At Pirelli Bicocca in Milan, workers on strike formed a ‘unitary base committee’ - completely independent of the union. As the idea of the base committee spread, so did new kinds of industrial action: sequential one-hour strikes across different departments, sit-down strikes, go-slows specifically designed to reduce productivity and strikes spread by marching from one department to another in a so-called ‘snake’. A worker at Fiat described one: ‘We set off; just the seven of us. And by the time we got to the head offices where all the staff hung out, there were about seven thousand of us! … Next time we’ll start with seven thousand and end up with seventy thousand, and that’ll be the end of Fiat.’48

The Italian Communist Party rushed to create local bargaining committees but in many plants workers rejected them, drowning out the communists with the chant ‘We are all delegates.’

At a bar outside the Fiat Mirafiori plant in Turin, students initiated a ‘worker-student assembly’. On 3 July 1969 they marched from the factory into a running battle with the police, over the issue of rent increases, chanting a slogan that could have summed up the new mood: ‘What do we want? Everything!’

The leftist group Lotta Continua summarized what the strikers themselves thought they were going through: ‘They are slowly beginning to free themselves. They are destroying constituted authority in the factory.’49

If these developments had been limited to a few hot-headed suburbs in a perennially chaotic country, they would be of curiosity value and no more. But the Italian upsurge was symptomatic of a change taking place all across the developed world; 1969 was to be just the start of a period of contagious economic struggle, which continually spilled over into political conflict and which would trigger a total rethink of the West’s economic model.

It’s important to understand the sequence of events, because in popular literature the breakdown of Keynesianism often gets rolled into a single moment. In 1971, the long post-war upsurge ran out of steam. But the breakdown of fixed exchange rates, paradoxically, gave each country the ability to ‘solve’ wage and productivity pressures by allowing inflation to take off. Then, with the oil price hike of 1973, which triggered double-digit inflation, the old relationship between wages, prices and productivity simply fell apart.
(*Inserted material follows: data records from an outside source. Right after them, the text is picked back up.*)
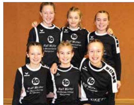
MTV Wangersen - 4. Platz.
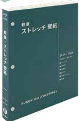
ルノンストレッチ壁紙

ルノンは、ビニル壁紙見本帳「ルノンマークII Vol.26」を発刊した。 同見本帳は、「心地よさを、アップグレード」をテーマに、これまでの暮らしをさらに
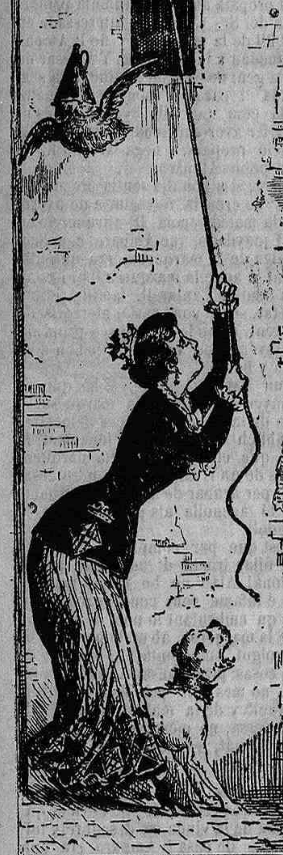
A EL DILUVIO.

Fora de Barcelona, cada trimestre: Espanya 8 rals. Cuba y Puerto-Rico, 16.—Estranger, 18.
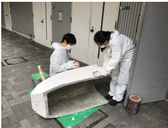
図2 カウル研磨の様子
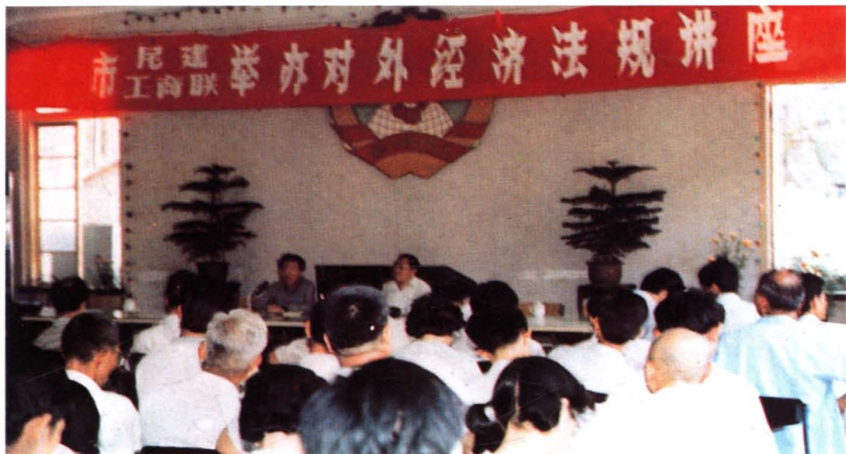
1986年,厦门市工商联与民建厦门市委会举办的经济法规讲座在特区初创阶段起到积极的作用。

Across the OECD, redistribution payments - family income supplements, welfare benefits and the like - which had averaged 7.5 per cent of GDP during the boom years, reached 13.5 per cent by the mid-1970s. Public spending - which had averaged 28 per cent of GDP in the 1950s - now hit 41 per cent.50 The share of total wealth going to industrial profits collapsed by 24 per cent.51

To contain worker militancy, governments hiked the social wage to record levels and brought workers’ representatives into government. In Italy this was in the context of the 1976 ‘historic compromise’ that ended the period of unrest, tying the Communist Party and its trade unions to a conservative-led government. The same basic process can be seen in the Spanish Moncloa Pact of 1978, the ‘social contract’ of the Wilson-Callaghan governments (1974-9), and numerous attempts by the American unions to secure a strategic deal with the Carter administration.

By the late 1970s, all the actors in the old Keynesian system - the organized worker, the paternalist manager, the welfare politician and the state-owned corporation boss - were locked together in a bid to save the failing economic system.
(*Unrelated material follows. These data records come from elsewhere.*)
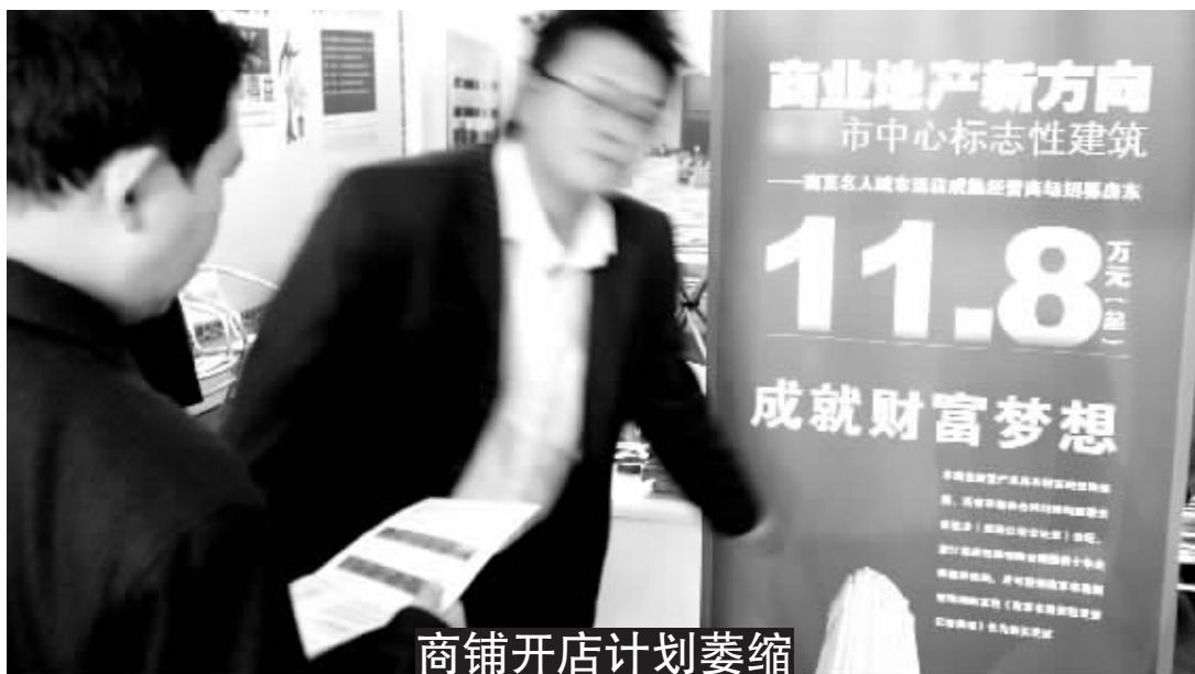
商铺开店计划萎缩
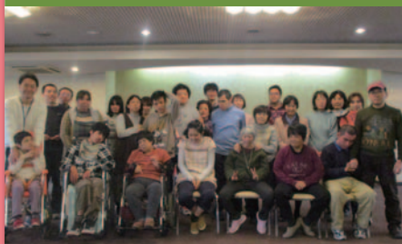
令和元年11月20日 秋の行楽「会食」 酔心毘沙門店
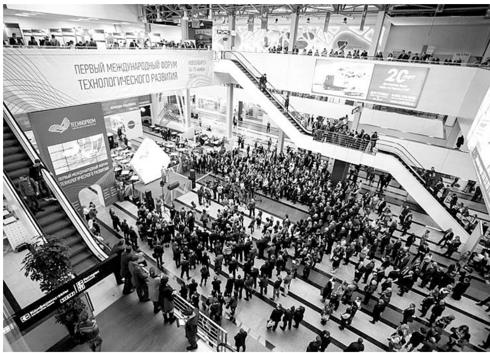
Целью форума как международной деловой площадки является создание новых партнёрских отношений в сфере высоких технологий между представителями науки, бизнеса и власти.
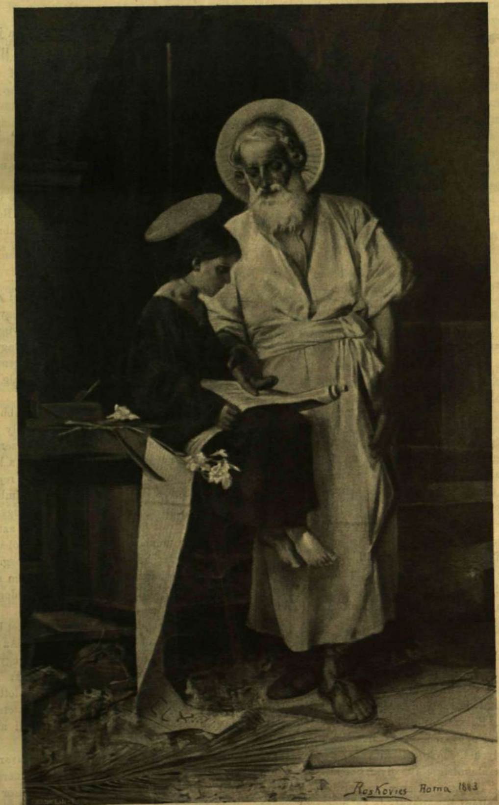
JÉZUS SZENT JÓZSEFFEL. — Roskovics Ignác oltárképe a kegyesrendiek lévai templomában.
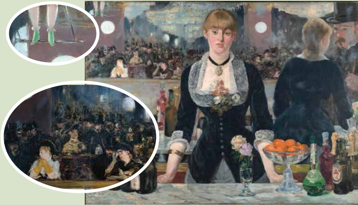
ედუარდ მანე, „ბარი ფოლი-ბერჟერი“, 1882 წ.

დააკვირდი ილუსტრაციას. აკადემიური ფერწერისგან განსხვავებით, რა სიახლეს ამჩნევ სიუჟეტში, პერსონაჟის დახასიათებაში, წერის მანერაში? რა შეიძლება ყოფილიყო ამ ცვლილების მიზეზი? რა რეაქციას გამოიწვევდა ედუარდ მანეს ეს ნამუშევარი აკადემიკოს მხატვრებში? როგორ შეაფასებდა მას ახალი, პროგრესულად მოაზროვნე თაობა?
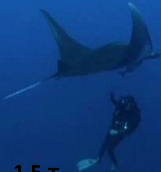
Скат морской дьявол (манта) – 1,5 т
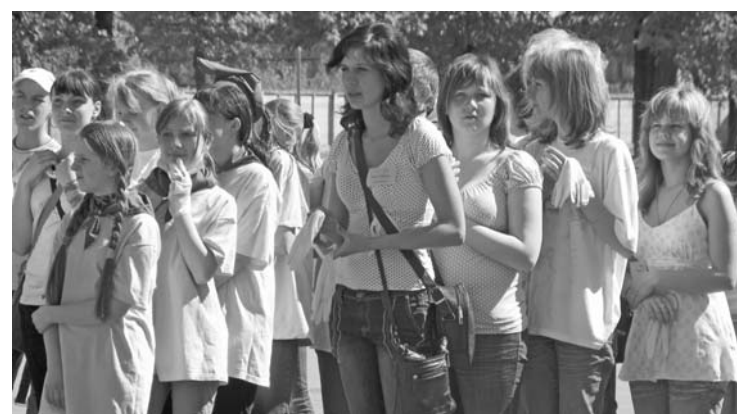
Pirmās palīdzības sacensību dalībnieki
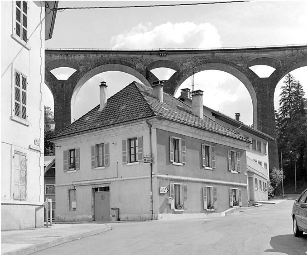
Façades antérieure et latérale gauche.

The standardized production process of the post-war era - and the strict scientific management controls it had relied on - ended up creating a workforce it could not control. The mere fact that work-to-rule actions became the most effective form of sabotage tells the real story. It was the workers who really ran the production process. Any proposal to solve macro-economic problems without their consent was pointless.

In response, a new breed of conservative politicians decided the entire system would have to be dismantled. The second oil shock, after the Iranian revolution in 1979, gave them the opportunity. It triggered a new, deep recession and this time the workers faced corporations and politicians determined to try something new: mass unemployment, industrial closures, wage cuts and cuts in public spending.

They also faced the emergence of something they’d insufficiently prepared for in the years of radicalism: a part of the workforce prepared to side with conservative politicians. White southern workers put Reagan into power; many skilled British workers, tired of the chaos, swung to the Conservatives in 1979 to give Thatcher ten years in office. Outright working-class conservatism had never gone away: what it always wants is order and prosperity, and by 1979 it could no longer see these things being delivered by the Keynesian model.

By the mid-1980s, the working class of the developed world had moved in the space of fifteen years from passivity to strikes and semi-revolutionary struggles to strategic defeat.

Western capitalism, which had coexisted with organized labour and been shaped by it for nearly two centuries, could no longer live with a working-class culture of solidarity and resistance. Through offshoring, de-industrialization, anti-union laws and a relentless ideological warfare, it would be destroyed.

DIGITAL REBELS, ANALOGUE SLAVES

After more than thirty years of retreat and atomization, the working class survives, but massively transformed.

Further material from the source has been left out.